PROBLEM: All of the records below should be retyped exactly, with no pictures included.

__________

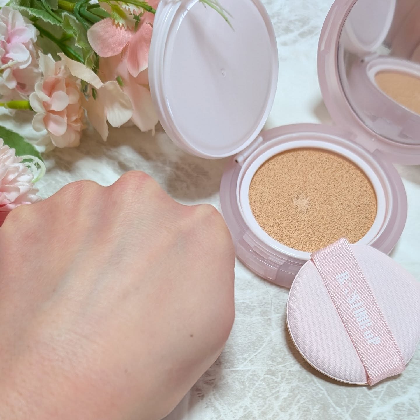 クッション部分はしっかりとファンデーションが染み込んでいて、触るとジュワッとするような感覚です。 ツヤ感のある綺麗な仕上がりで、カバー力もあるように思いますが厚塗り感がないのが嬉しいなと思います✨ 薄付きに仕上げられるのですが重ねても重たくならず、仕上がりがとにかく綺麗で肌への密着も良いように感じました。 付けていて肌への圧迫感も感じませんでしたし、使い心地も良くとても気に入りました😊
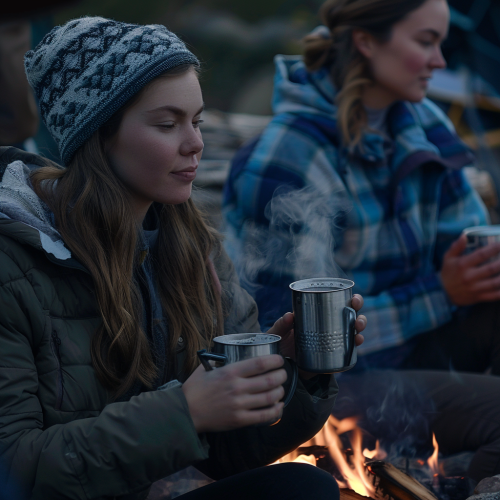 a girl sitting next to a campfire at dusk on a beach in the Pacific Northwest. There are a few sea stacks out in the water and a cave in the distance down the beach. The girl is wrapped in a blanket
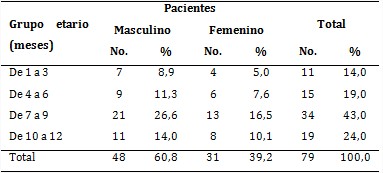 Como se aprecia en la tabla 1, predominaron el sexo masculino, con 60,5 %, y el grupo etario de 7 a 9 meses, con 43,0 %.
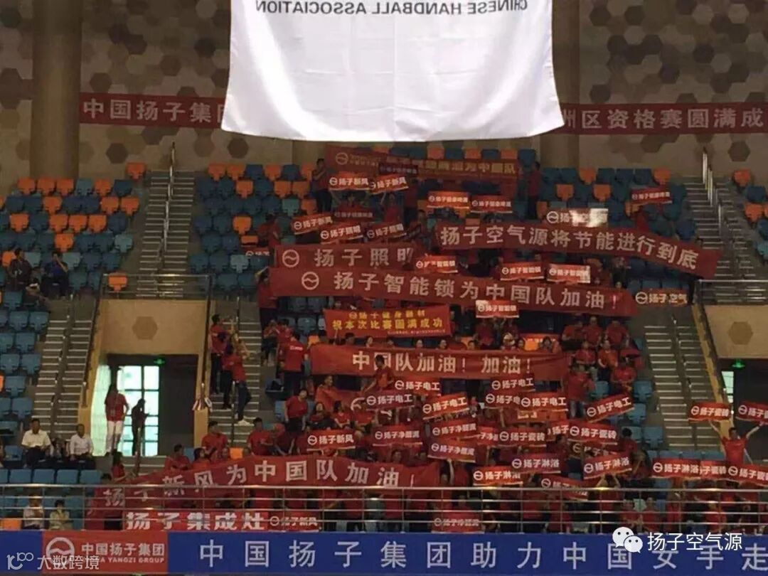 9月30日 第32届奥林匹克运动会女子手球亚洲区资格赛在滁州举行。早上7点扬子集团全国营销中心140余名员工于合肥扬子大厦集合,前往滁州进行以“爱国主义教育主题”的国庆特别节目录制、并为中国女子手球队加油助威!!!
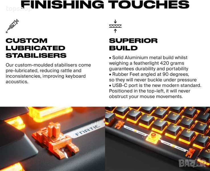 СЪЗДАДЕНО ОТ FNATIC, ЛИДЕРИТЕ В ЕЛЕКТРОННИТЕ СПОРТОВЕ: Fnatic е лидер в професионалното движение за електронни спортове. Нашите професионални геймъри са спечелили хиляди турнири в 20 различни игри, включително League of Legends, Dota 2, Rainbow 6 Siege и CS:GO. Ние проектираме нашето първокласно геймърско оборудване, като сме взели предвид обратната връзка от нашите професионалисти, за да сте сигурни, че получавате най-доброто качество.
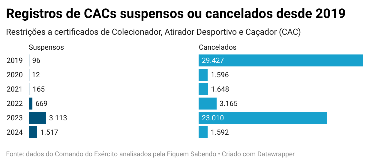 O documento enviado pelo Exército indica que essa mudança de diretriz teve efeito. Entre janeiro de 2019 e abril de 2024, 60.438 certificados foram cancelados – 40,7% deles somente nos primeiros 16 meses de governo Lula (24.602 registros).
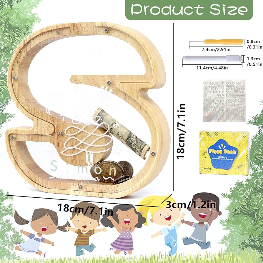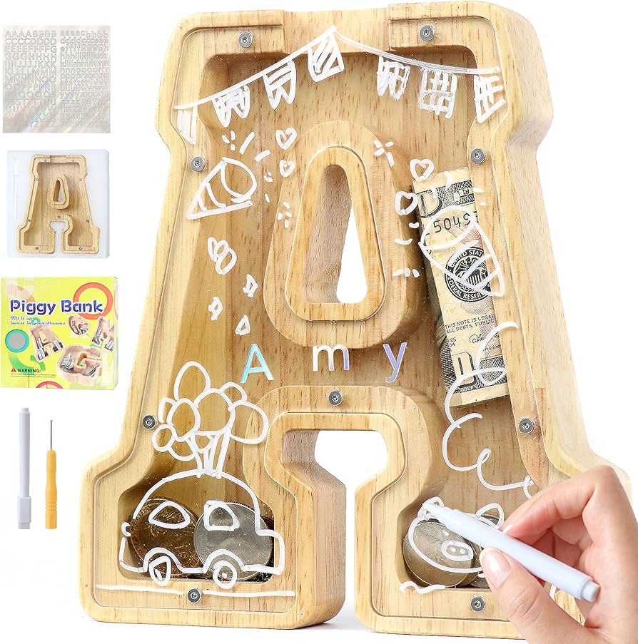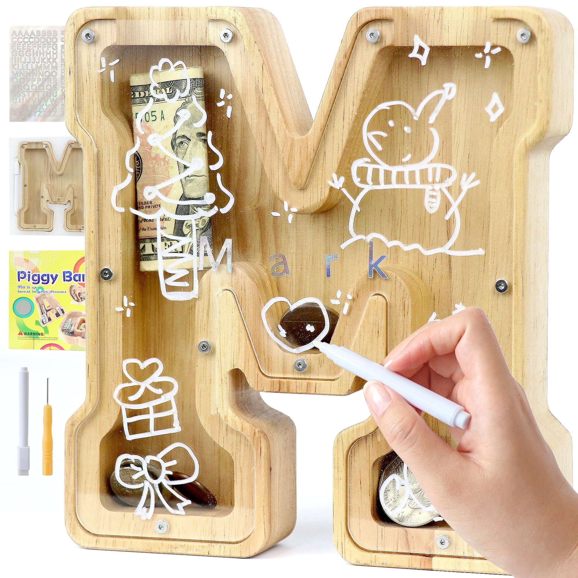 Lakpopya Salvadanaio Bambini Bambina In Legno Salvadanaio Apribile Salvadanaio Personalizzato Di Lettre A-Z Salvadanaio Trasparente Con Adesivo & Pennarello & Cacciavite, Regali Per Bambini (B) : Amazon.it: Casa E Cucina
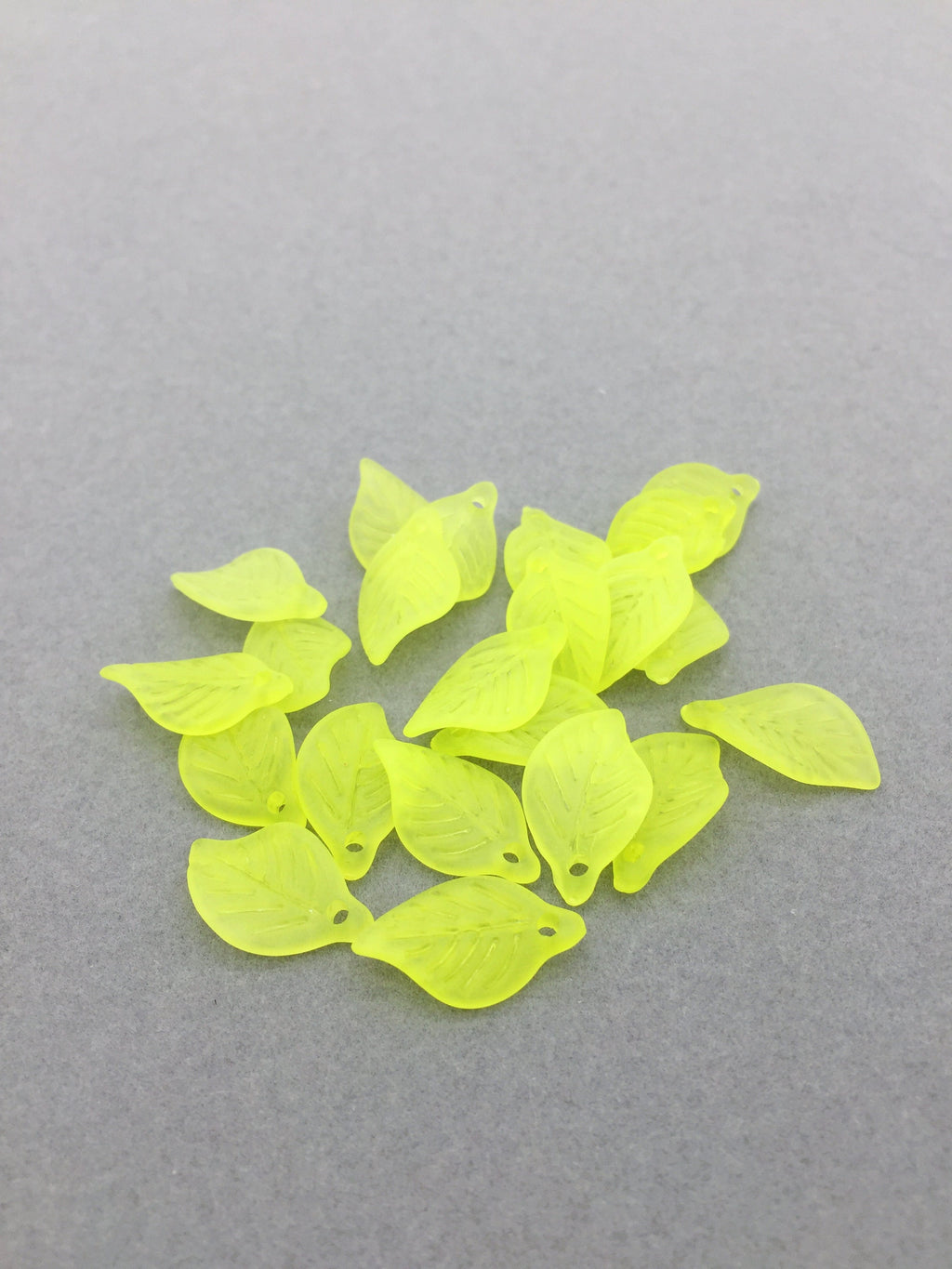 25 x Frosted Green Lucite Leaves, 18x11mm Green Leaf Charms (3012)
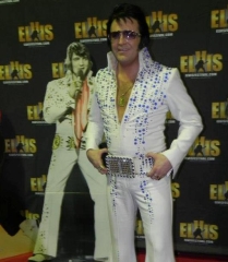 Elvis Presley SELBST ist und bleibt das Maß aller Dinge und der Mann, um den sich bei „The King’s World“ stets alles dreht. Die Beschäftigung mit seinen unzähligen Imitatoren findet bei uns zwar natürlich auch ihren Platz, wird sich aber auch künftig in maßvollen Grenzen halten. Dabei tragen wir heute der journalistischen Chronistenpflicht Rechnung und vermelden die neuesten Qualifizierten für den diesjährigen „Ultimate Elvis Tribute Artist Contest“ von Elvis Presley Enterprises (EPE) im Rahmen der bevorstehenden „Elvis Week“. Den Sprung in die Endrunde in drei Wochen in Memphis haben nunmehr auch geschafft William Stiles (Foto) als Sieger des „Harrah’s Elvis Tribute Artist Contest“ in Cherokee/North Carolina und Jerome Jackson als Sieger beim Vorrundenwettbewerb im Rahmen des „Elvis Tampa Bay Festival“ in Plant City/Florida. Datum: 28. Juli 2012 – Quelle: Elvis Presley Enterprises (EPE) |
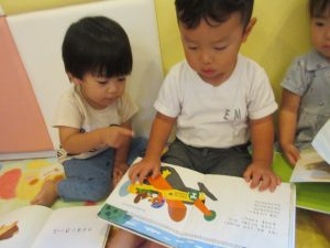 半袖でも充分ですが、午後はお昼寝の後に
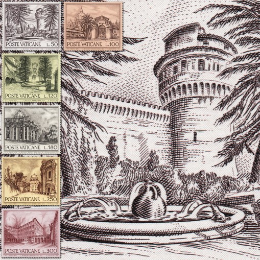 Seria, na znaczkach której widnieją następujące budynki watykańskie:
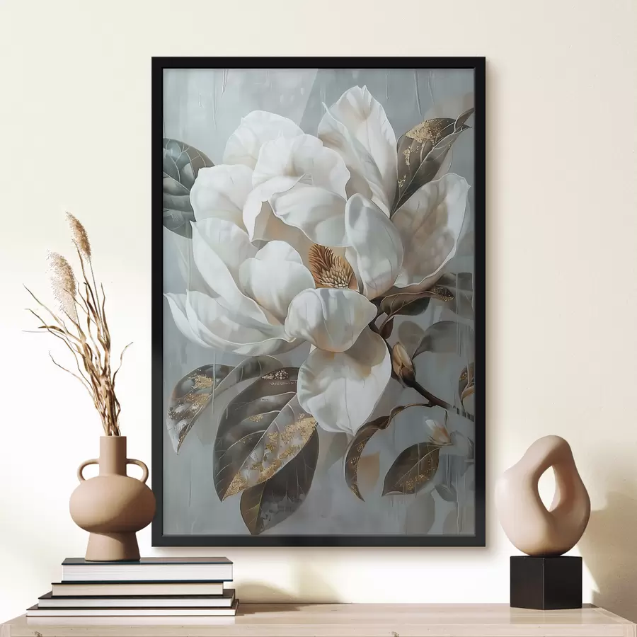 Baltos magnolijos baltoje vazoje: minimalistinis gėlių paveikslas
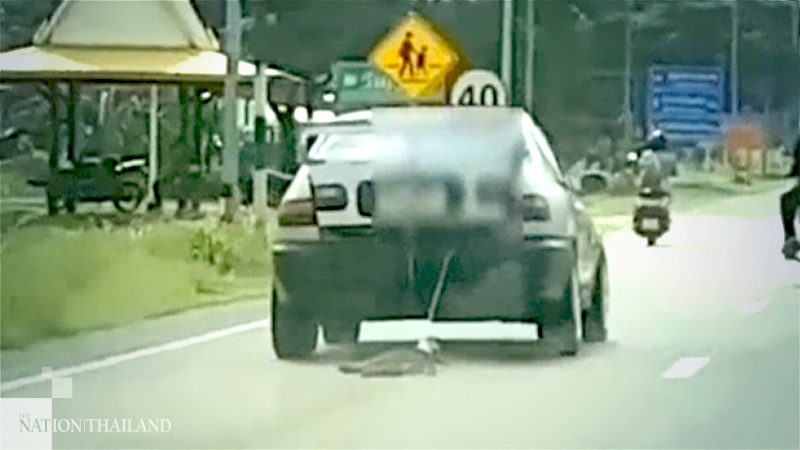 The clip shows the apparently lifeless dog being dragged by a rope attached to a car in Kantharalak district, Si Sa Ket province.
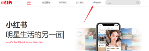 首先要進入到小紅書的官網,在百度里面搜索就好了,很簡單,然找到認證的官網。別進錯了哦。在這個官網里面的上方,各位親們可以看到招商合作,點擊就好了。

__________

RESULT FOR THIS TASK:
 クッション部分はしっかりとファンデーションが染み込んでいて、触るとジュワッとするような感覚です。 ツヤ感のある綺麗な仕上がりで、カバー力もあるように思いますが厚塗り感がないのが嬉しいなと思います✨ 薄付きに仕上げられるのですが重ねても重たくならず、仕上がりがとにかく綺麗で肌への密着も良いように感じました。 付けていて肌への圧迫感も感じませんでしたし、使い心地も良くとても気に入りました😊
 a girl sitting next to a campfire at dusk on a beach in the Pacific Northwest. There are a few sea stacks out in the water and a cave in the distance down the beach. The girl is wrapped in a blanket
 Como se aprecia en la tabla 1, predominaron el sexo masculino, con 60,5 %, y el grupo etario de 7 a 9 meses, con 43,0 %.
 9月30日 第32届奥林匹克运动会女子手球亚洲区资格赛在滁州举行。早上7点扬子集团全国营销中心140余名员工于合肥扬子大厦集合,前往滁州进行以“爱国主义教育主题”的国庆特别节目录制、并为中国女子手球队加油助威!!!
 СЪЗДАДЕНО ОТ FNATIC, ЛИДЕРИТЕ В ЕЛЕКТРОННИТЕ СПОРТОВЕ: Fnatic е лидер в професионалното движение за електронни спортове. Нашите професионални геймъри са спечелили хиляди турнири в 20 различни игри, включително League of Legends, Dota 2, Rainbow 6 Siege и CS:GO. Ние проектираме нашето първокласно геймърско оборудване, като сме взели предвид обратната връзка от нашите професионалисти, за да сте сигурни, че получавате най-доброто качество.
 O documento enviado pelo Exército indica que essa mudança de diretriz teve efeito. Entre janeiro de 2019 e abril de 2024, 60.438 certificados foram cancelados – 40,7% deles somente nos primeiros 16 meses de governo Lula (24.602 registros).
 Lakpopya Salvadanaio Bambini Bambina In Legno Salvadanaio Apribile Salvadanaio Personalizzato Di Lettre A-Z Salvadanaio Trasparente Con Adesivo & Pennarello & Cacciavite, Regali Per Bambini (B) : Amazon.it: Casa E Cucina
 25 x Frosted Green Lucite Leaves, 18x11mm Green Leaf Charms (3012)
 Elvis Presley SELBST ist und bleibt das Maß aller Dinge und der Mann, um den sich bei „The King’s World“ stets alles dreht. Die Beschäftigung mit seinen unzähligen Imitatoren findet bei uns zwar natürlich auch ihren Platz, wird sich aber auch künftig in maßvollen Grenzen halten. Dabei tragen wir heute der journalistischen Chronistenpflicht Rechnung und vermelden die neuesten Qualifizierten für den diesjährigen „Ultimate Elvis Tribute Artist Contest“ von Elvis Presley Enterprises (EPE) im Rahmen der bevorstehenden „Elvis Week“. Den Sprung in die Endrunde in drei Wochen in Memphis haben nunmehr auch geschafft William Stiles (Foto) als Sieger des „Harrah’s Elvis Tribute Artist Contest“ in Cherokee/North Carolina und Jerome Jackson als Sieger beim Vorrundenwettbewerb im Rahmen des „Elvis Tampa Bay Festival“ in Plant City/Florida. Datum: 28. Juli 2012 – Quelle: Elvis Presley Enterprises (EPE) |
 半袖でも充分ですが、午後はお昼寝の後に
 Seria, na znaczkach której widnieją następujące budynki watykańskie:
 Baltos magnolijos baltoje vazoje: minimalistinis gėlių paveikslas
 The clip shows the apparently lifeless dog being dragged by a rope attached to a car in Kantharalak district, Si Sa Ket province.
 首先要進入到小紅書的官網,在百度里面搜索就好了,很簡單,然找到認證的官網。別進錯了哦。在這個官網里面的上方,各位親們可以看到招商合作,點擊就好了。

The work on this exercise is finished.